- Directed by: Shervin Kermani
- Written by: Shervin Kermani Karla Reyes
- Produced by: Shervin Kermani Karla Reyes
- Starring: Pedro Moisés Herrera Concepción
- Cinematography: Karla Reyes
- Edited by: Shervin Kermani
- Production company: La Selva Ecosistema Creatiu
- Release date: September 4, 2025 (TIFF);
- Running time: 8 minutes
- Countries: Canada Spain
- Language: Spanish

= Ramón Who Speaks to Ghosts =

2025 Canadian short film directed by Shervin Kermani

Ramón Who Speaks to Ghosts is a short docufiction film, directed by Shervin Kermani and released in 2025. The film stars Pedro Moisés Herrera Concepción as Ramón, a man living on La Palma in the Canary Islands who is attempting to communicate with the dead following the 2021 Cumbre Vieja volcanic eruption.

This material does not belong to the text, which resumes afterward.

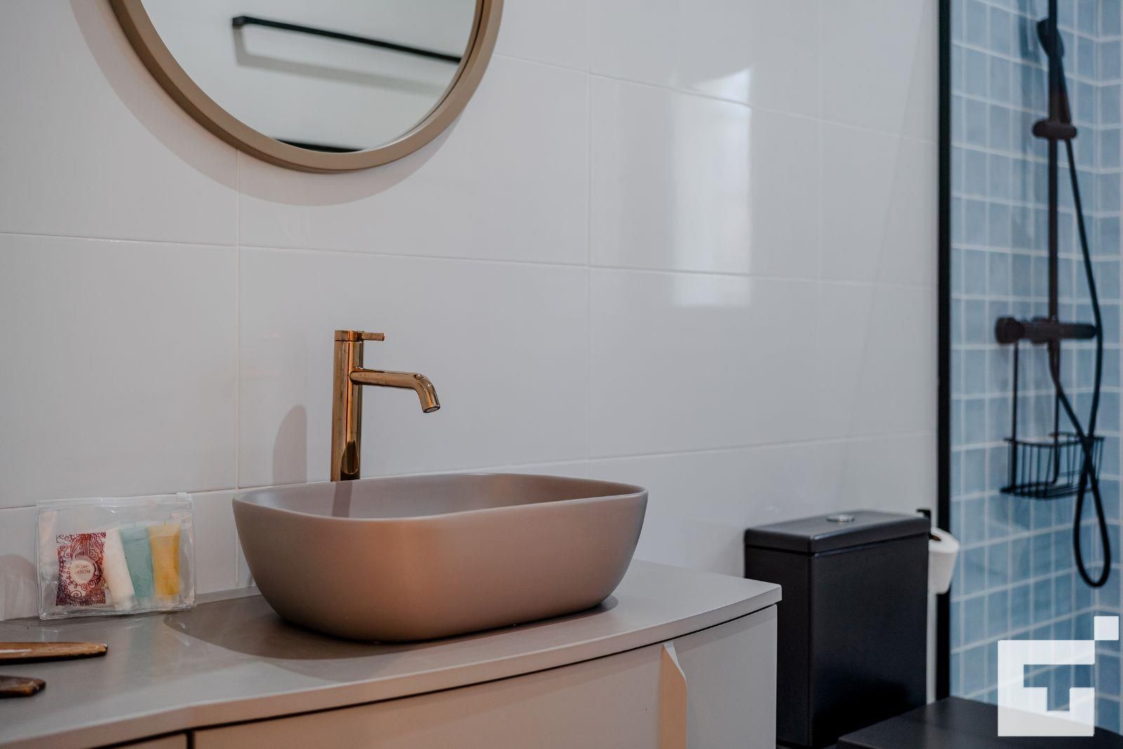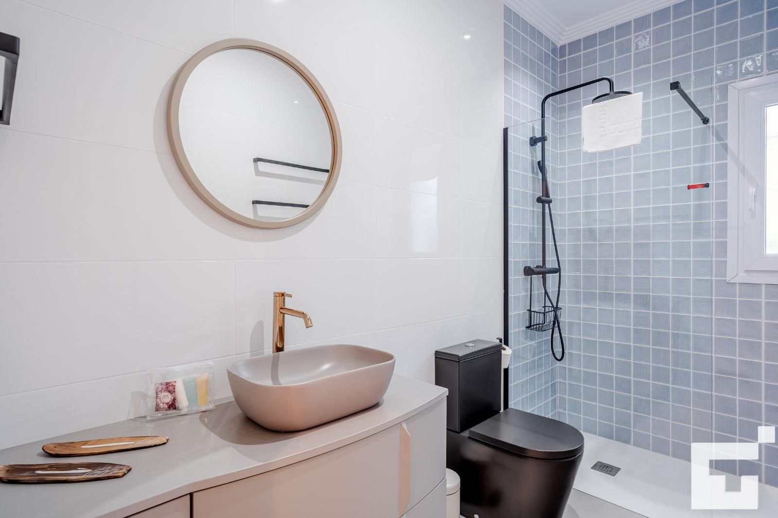 • badkamer met enkele wastafel, douche en toilet

The film premiered at the 2025 Toronto International Film Festival. Its followup screenings included the 2025 Atlantic International Film Festival, and the 2025 Vancouver International Film Festival.

==Reception==
The film was named to the Toronto International Film Festival's annual year-end Canada's Top Ten list for 2025.

==Awards==
At the 2025 Whistler Film Festival, it was the winner of the Best Canadian ShortWork award. At the 2025 Tallinn Black Nights Film Festival, it received a special jury mention in the live-action shorts competition.